For four years, this city was home to me. In autumn, leaves break open with color like fireworks, and although I've now spent six autumns away from it, my daydream self sometimes slips back onto campus and climbs four flights of stairs to old classrooms. My real self will find posters of the skyline on Etsy and get a little teary. There are people in Minnesota still walking around with pieces of my heart. Home.


This is the city where you can't be anonymous no matter how hard you try, where it's possible to walk from a friend's house on one end of town to a friend's house on the other (provided you have good shoes), where you could leave for fifty years and still come back to find that so-and-so grew up with so-and-so, and they were friends with your grandpa's cousins. The prairie is as deep as it is wide, and it is home.

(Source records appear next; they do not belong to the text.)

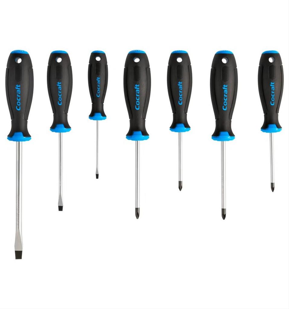 Sats med skruvmejslar av hög kvalité. Handtag med mjukt grepp. Klingor av förkromat kromvanadiumstål och svartoxiderad spets
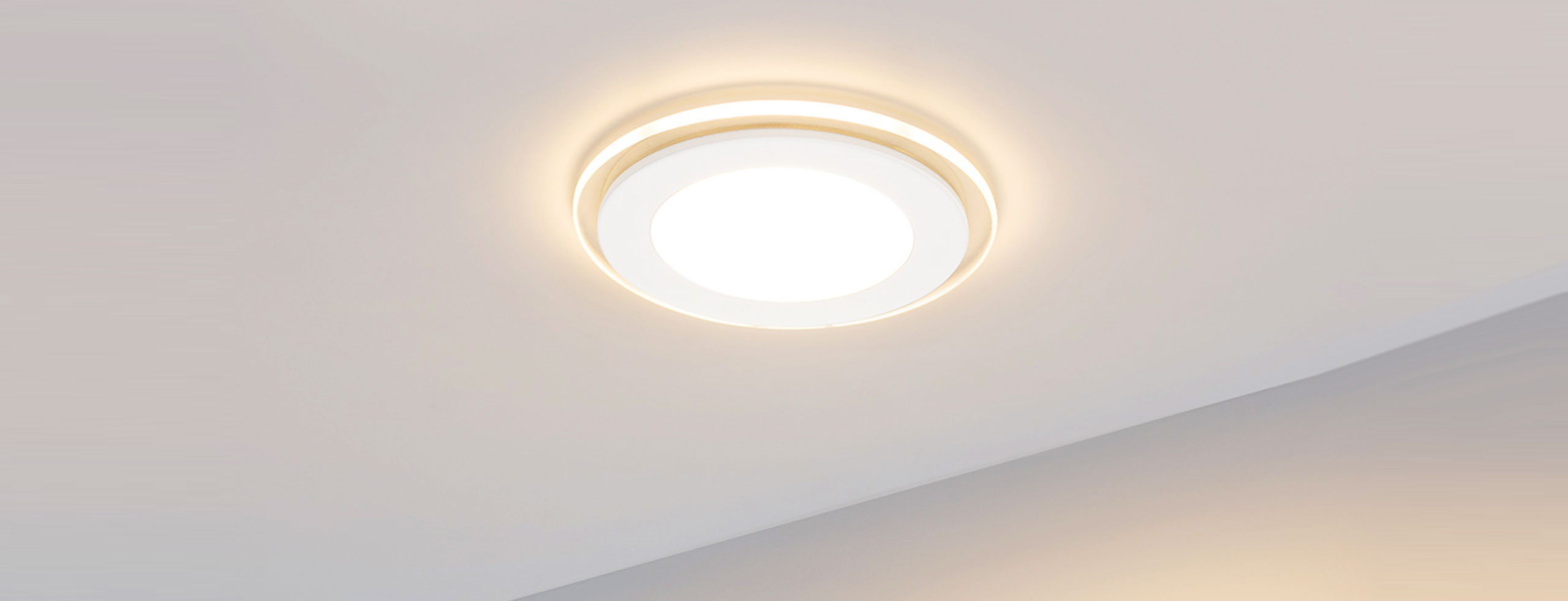 Благодаря стеклянной рамки с контурным свечением вокруг светильника создаются необычные световые эффекты на поверхности потолка.
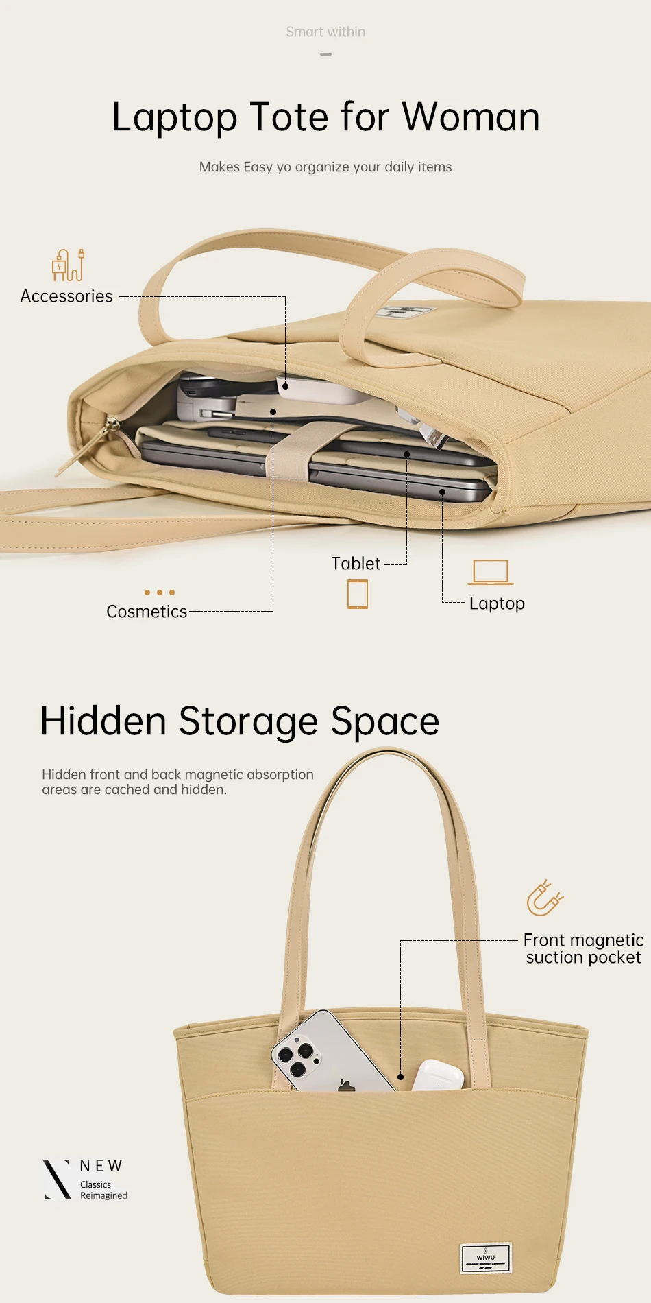 WiWU Laptop Tote Bag for MacBook Air 13.6 M2 Pro 14 Large Capacity Computer Bag for MacBook Pro 16.2 Waterproof Laptop Bag Women
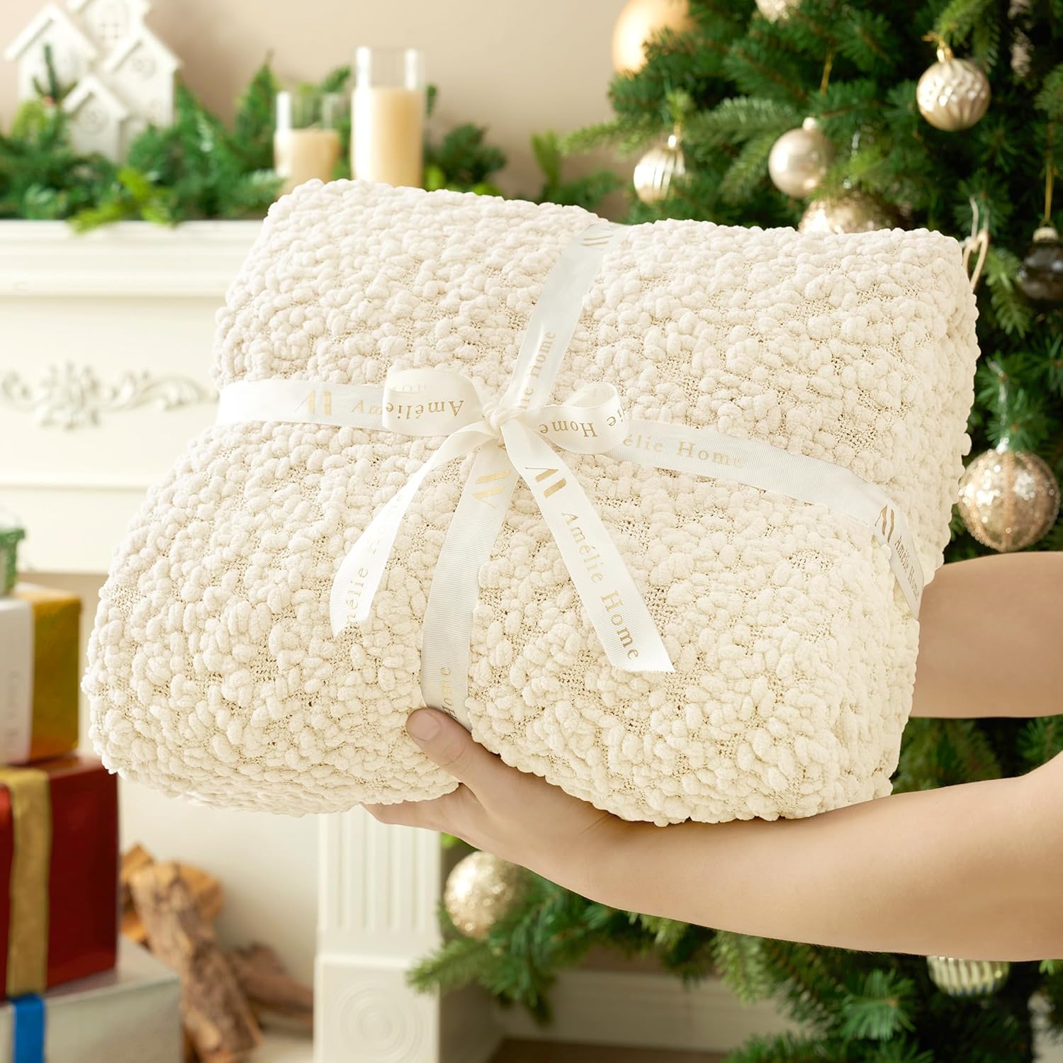 Amélie Home Knit Throw Blanket with Tassels for Couch, Luxury Boho Throw Blanket for Summer Ivory, 50"x60"
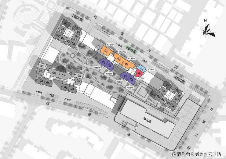 二单元2梯5户:01户型138㎡(4房);02户型88㎡(3房);03户型88㎡(3房);04户型72㎡(2房);05户型74㎡(2房)
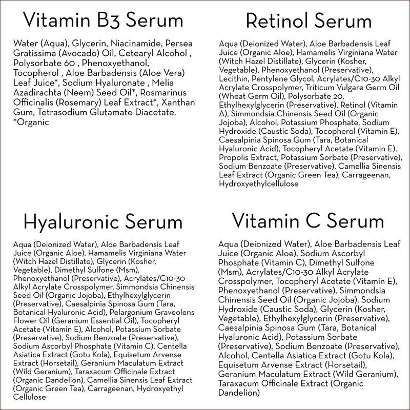 Pure Body Naturals Facial Serum - Hyaluronic Acid Serum, Retinol Serum, Vitamin C Serum, and Vitamin B3 (Niacinamide) Serum - A Perfect Serum Gift Set for Women of All Ages

This pueblo is home for the moment, this tiny place cuddled around the edges of a European metropolis. I love that everyone walks everywhere and that every detail down to the door hinges have been crafted with care. I love that you can go far away from everything you know and still find something familiar. Home.



Home isn't just about location. Home is carried inside you.

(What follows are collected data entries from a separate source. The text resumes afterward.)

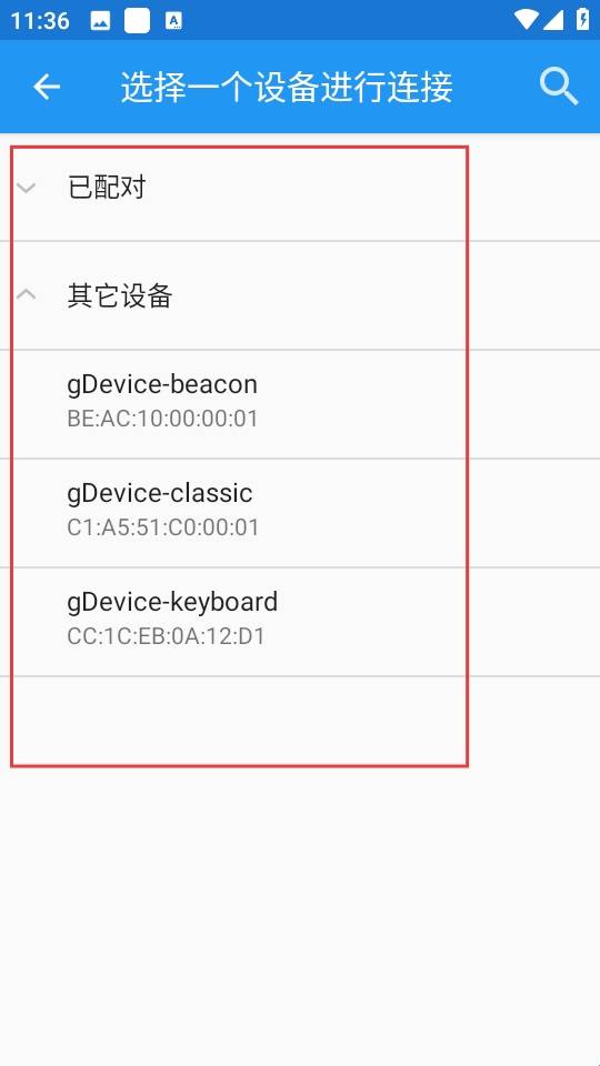 2、设备选择界看到已配对设备和其他设备的列表,已配对设备是之前成功连接过的,其他设备则是周围可检测到的蓝牙设备,在找连接目标点击该设备进行连接尝试。
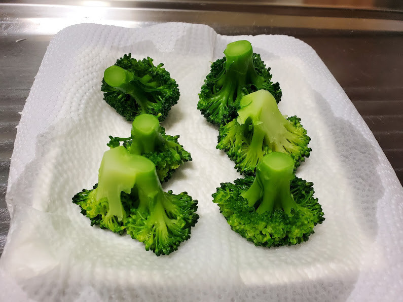 こちらはブロッコリーを一旦、鍋からざるに上げた後、キッチンペーパーを敷いたお皿の上に花蕾を下向きにして数分間置き、冷ましました。
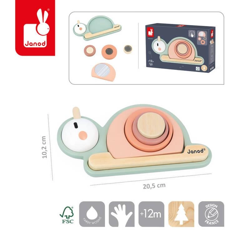 Drewniana układanka sensoryczna Ślimak Sweet Cocoon 12 m +, Janod
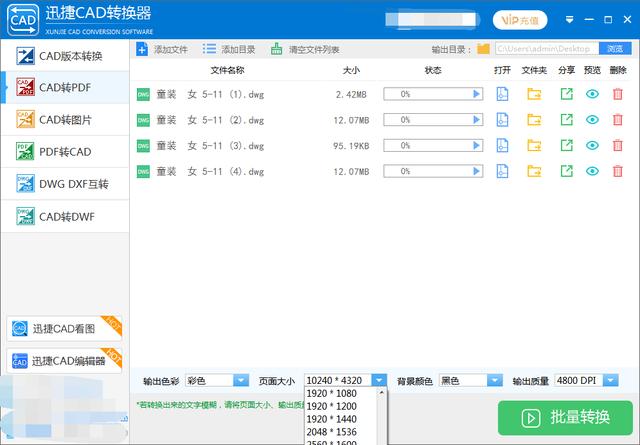 步骤二:接着,在下方对输出色彩、页面大小、背景颜色、输出质量进行个性化设置。笔者分别选择的是彩色、10240*4320、黑色、4800 DPI。最后,我们点击右下角的“批量转换”按钮就可以将DWG转为PDF了。
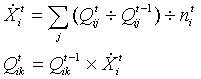 第2ステップでは,第1ステップで修正できなかった部分,すなわちもともと数字が欠落している省の推計を行う。ここでは,第1ステップで修正された数字を利用して,次のような単純な外挿法( extrapolation )を使った。具体的に,統計が存在する省の数字の対前年倍数を求め,その単純平均値をもって欠けている省の数字を推計する。言い換えれば,数字のない省の平均成長率(倍率)が数字のある省と同じと仮定する。式で表せば以下のとおりである。
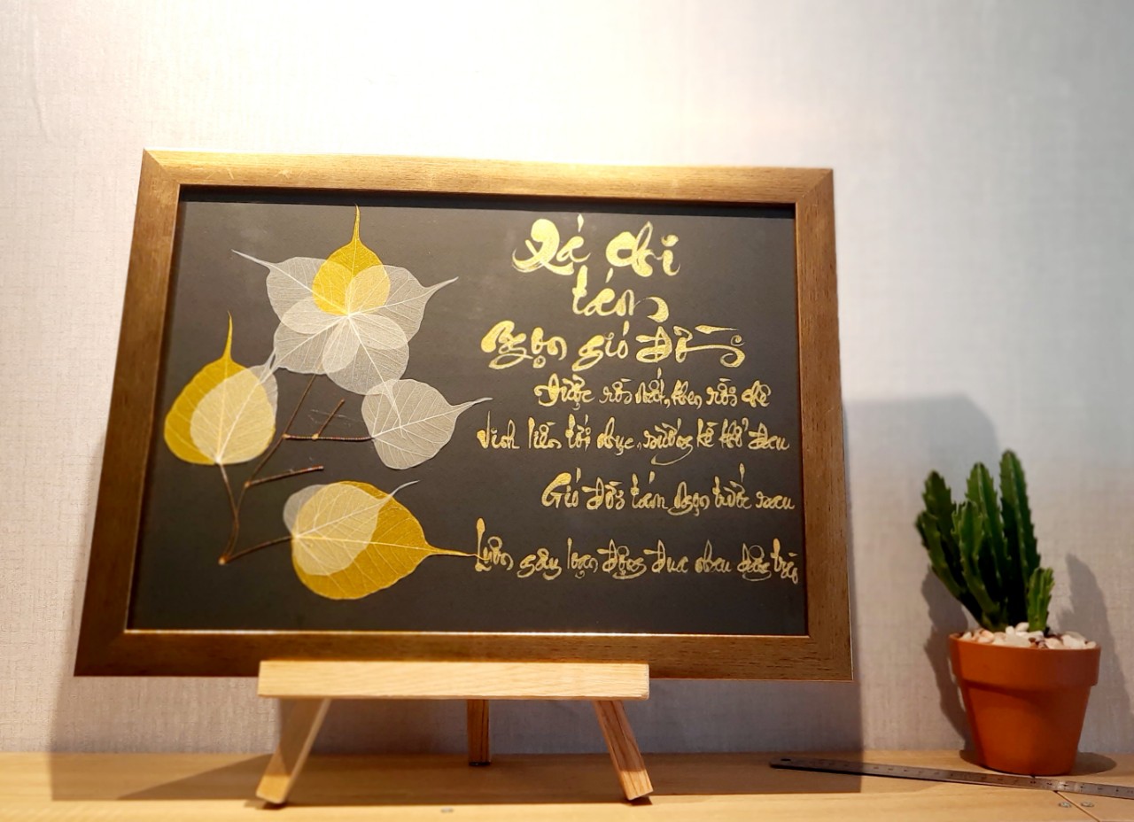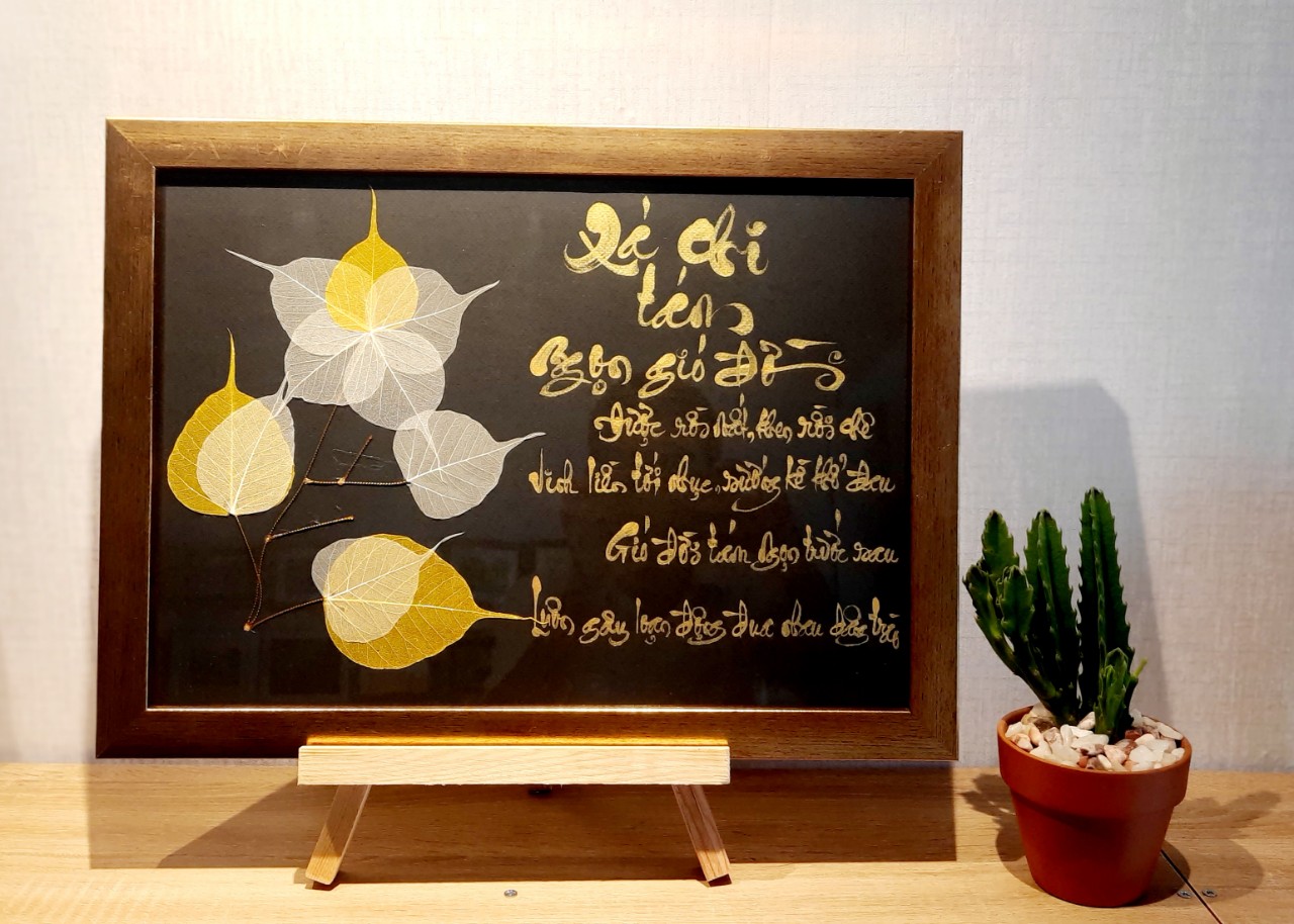Sự kết hợp giữa thư pháp và lá bồ đề là một món quà ý nghĩa để dành tặng người thân, bạn bè, đối tác, và để trưng bày nơi phòng làm việc, phòng khách, chỗ thờ tự rất đẹp, ý nghĩa

And yet, tomorrow will be Christmas Eve. I will be eating tacos with my WorldVenture teammates, celebrating the way Light broke into the world and took its first breaths in a manger. It will be home and not home all at once, and even though I know it's just as warm in North Dakota as it is here, there's something else that isn't quite the same.


Christmas Eve to me will always be candlelight and old VCR recordings of my brother exclaiming, "We both got very expensive presents for Christmas!" It is secret codes on all the tags my dad wrote and reading the Scriptures and cat ornaments on the tree, the relics of childhood. For the first time in seven months, I feel the gap of my mom and dad, my brother, my grandma, to the point of tears. They are the people who taught me to say "bayg" and "ruuhht" and to be kind to others even when you don't feel like it. This Christmas Eve, I will not be sitting in the brown-carpeted living room where I've spent every Christmas Eve of my life. It's because of who I became, which is because of the people who loved me enough to let me go for a little while. They are my family. They are home.

21 December 2011

On the first day of vacation, my true love gave to me

61º weather and the chance to sleep in 'til 2!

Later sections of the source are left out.